- Born: Joan Nicolette Roeg 9 February 1925 Marylebone, London, England
- Died: 5 November 1987 (aged 62)
- Occupation(s): Actress, singer
- Years active: 1940s–1970s
- Spouses: Leslie Lyons ​(m. 1946)​; Barry Sinclair ​(m. 1949)​;
- Children: Belinda Sinclair
- Relatives: Nicolas Roeg (brother)

= Nicolette Roeg =

British actress and singer (1925–1987)

Joan Nicolette Roeg (9 February 1925 – 5 November 1987) was a British stage, film and television actress and singer, active from the mid-1940s to the 1970s.

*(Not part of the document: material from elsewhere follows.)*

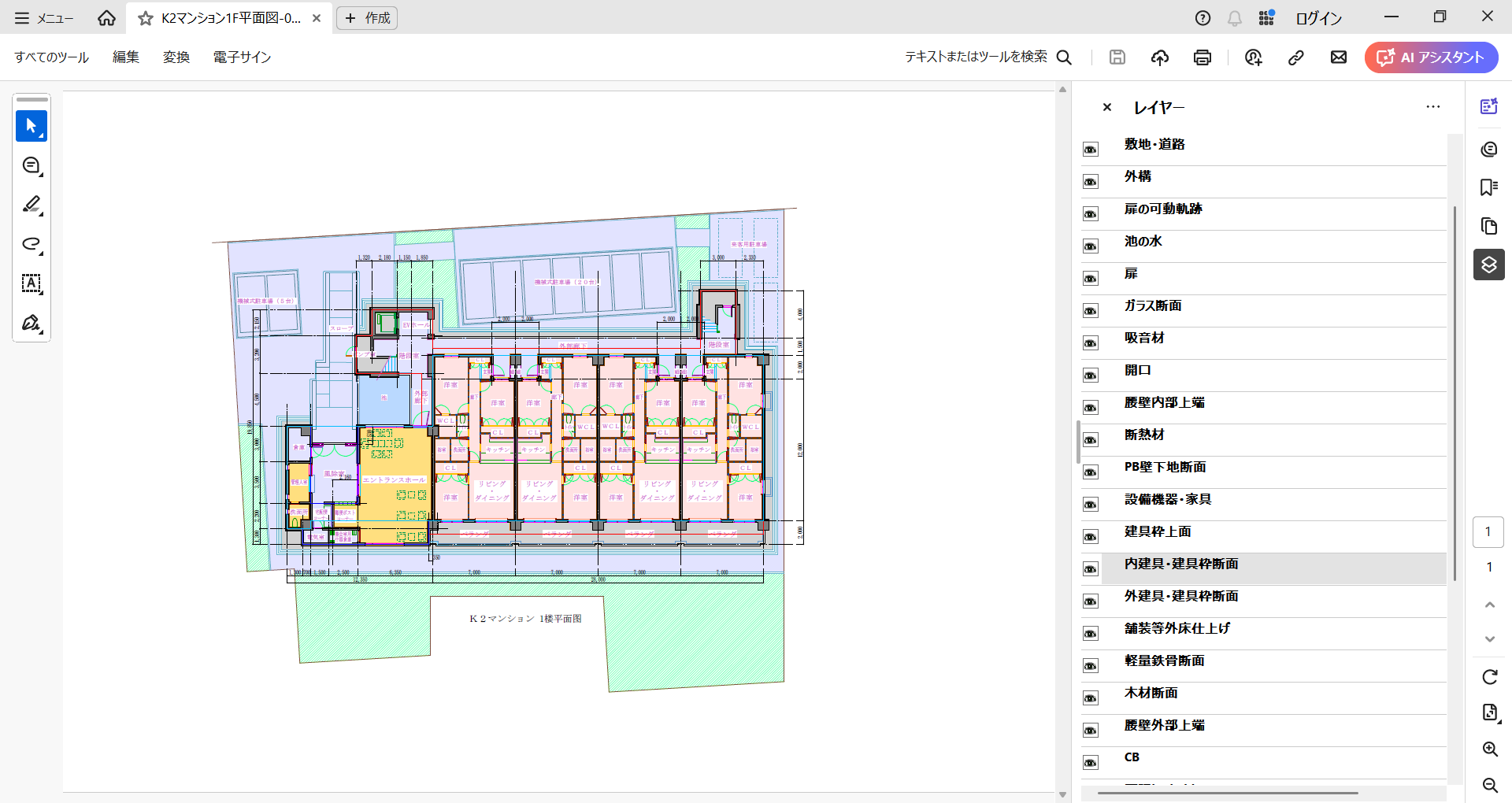 レイヤ分けしたPDFファイルで保存する方法について説明しています。
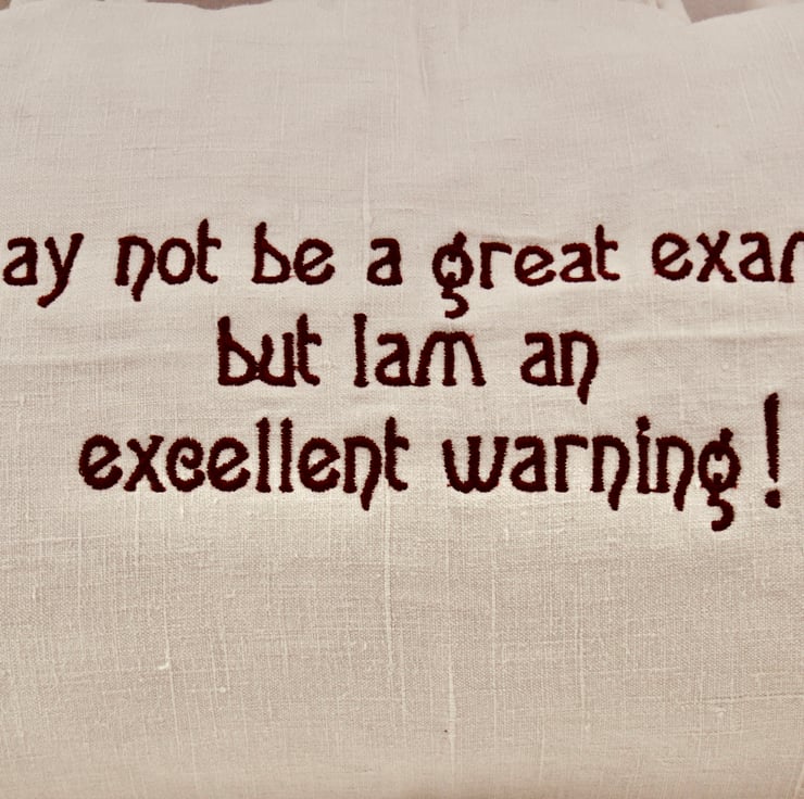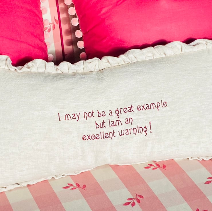 I May Not be A Great Example. . . Embroidered 12" x 24" Cushion made from recycled french linen sheets. For years I have collected these sheets when available and the linen is such great quality. Now I am turning them into fun cushions and I think you probably have someone in your life who would be tickled to receive this. The back is the same natural linen, the embroidery is in a deep maroon and has a feather filled inner with an invisible zip. Trimmed with a double frill. All my cushions have been prewashed and made to the highest standard.

She appeared in several British films and many television series, She was the older sister of cinematographer and film director Nicolas Roeg.

== Early life ==
Nicolette Roeg was born on 9 February 1925 in Marylebone, London, the daughter of Jack Nicolas Roeg and Mabel Gertrude (née Silk). Her younger brother was Nicolas Roeg (1928–2018), who became one of Britain's leading cinematographers and film directors.

== Career ==
Roeg began her acting career in post-war British cinema and stage productions. Her earliest known film credit is Home Sweet Home (1945), for which she was described as "Nicolette Roeg, the singing ingénue of Home Sweet Home". She also worked in cabaret, musicals and drama as well as radio and TV, including several early TV shows, such as Granada's Two's Company in 1956.

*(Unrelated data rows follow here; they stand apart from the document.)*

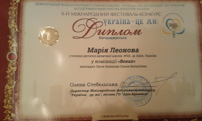 Вітаємо з високою нагородою ученицю Київської дитячої музичної школи № 22, юну співачку Марію Леонову (фото)
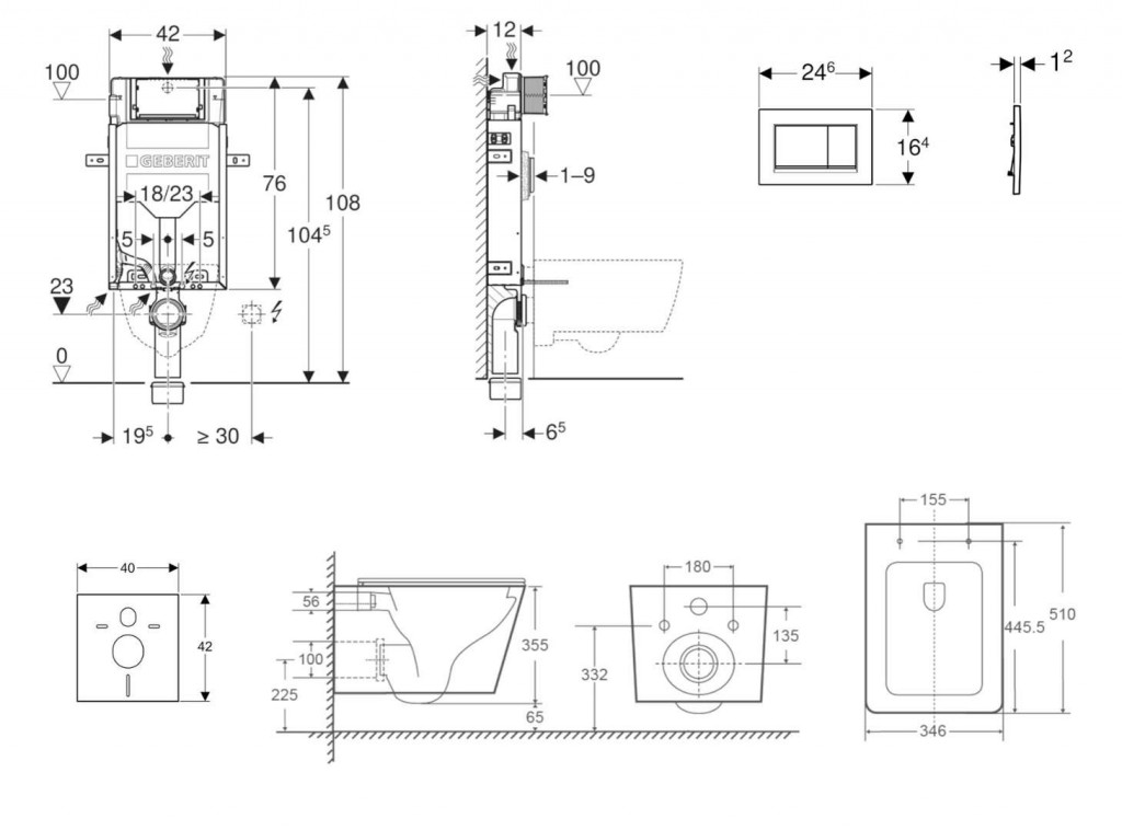 - predstenový inštalačný modul Geberit Kombifix so splachovacou nádržkou pod omietku
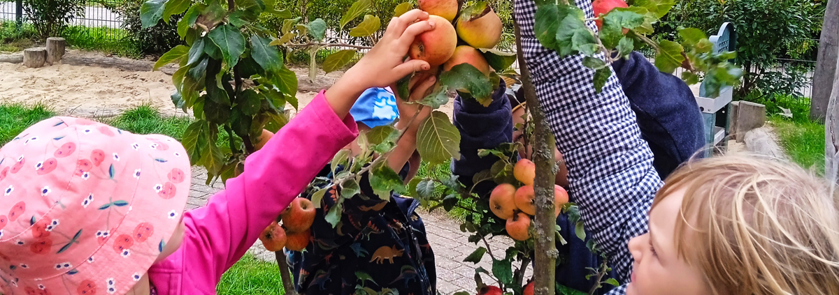 2021 schenkten uns die damaligen Schulanfänger zwei zarte Apfelbäumchen, verbunden mit der Aufgabe, sie zu pflegen und fleißig zu gießen.

She later starred as Nancy in Oliver! at the New Theatre in London between 1963 and 1966. For the Decca recording of Belle, or, The Ballad of Doctor Crippen (1961) in which she appeared, Broadway.com commented that the "catchiest tune is 'Meet Me at the Strand,' delivered by the Bedford's principal lady, Jenny, played by belter Nicolette Roeg, who would go on to several years of duty as Oliver!s Nancy."

From the 1950s to the 1970s she worked steadily in British television, often in small character roles.
Among the programmes in which she appeared are Z-Cars, On the Buses, The Onedin Line, Dixon of Dock Green, and the BBC science-fiction series Survivors. She also appeared in Blake's 7.

== Selected appearances ==
=== Theatre ===
- Madame Louise (1946), Bristol Hippodrome and Kings Theatre, Southsea, as Penny
- The Happy Marriage (1953), Theatre Royal, Bath, Dudley Hippodrome
- Belle, or, The Ballad of Doctor Crippen (1961), Strand Theatre, London, as Jenny Pearl
- Fiorello! (original West End production, 1962), Bristol Old Vic – Theatre Royal, Piccadilly Theatre, London, as Marie Fischer
- Oliver! (1963–1966), New Theatre, as Nancy
- The Country Wife (1968), New Theatre, Oxford, Alexandra Theatre, Birmingham, as Mrs Dainty Fidget
- Relatively Speaking (1969), Watford Palace Theatre, as Sheila

=== Film ===
- Home Sweet Home (1945), as Jacqueline Chantry
- Under New Management (1946), as Brenda Evans
- I'll Turn to You (1946), as Flora Fenton
- All the Right Noises (1970), as Millie

=== Radio ===
- Afternoon Theatre – "A Dead Man on Leave. The Life, Times and Death of Eugen Levini, 1883-1919" (1974), as singer

=== Television ===
- The Passing Show: Part 3: 1920-1929: The Turbulent Twenties (1951), as Vicky Schofield
- Z-Cars, series 6, episodes 345 & 346, "Give and Take" (1970), as Patsy Cartright
- Dixon of Dock Green, series 16, episode 2, "Breaking Point" (1969), as Miss Singer
- On the Buses, series 6, episode 6, "Bye Bye Blakey" (1972), as The Lady Doctor
- The Onedin Line (1970s) as Ada Gamble
- Survivors, series 3, episode 7, "The Peacemaker" (1977), as Blossom
- The Expert, series 3, episode 2, "Where Are You Going?" (1971), as Pamela Rowlandson
- Blake's 7, series 2, episode 11, "Gambit" (1979), as Chenie

and many others.

== Personal life ==
Roeg married Leslie Lyons in 1946. She married actor Barry Sinclair on 8 July 1949. Their daughter, Belinda Sinclair (born 1950), also became an actress.

== Death ==
Roeg died on 5 November 1987, aged 62.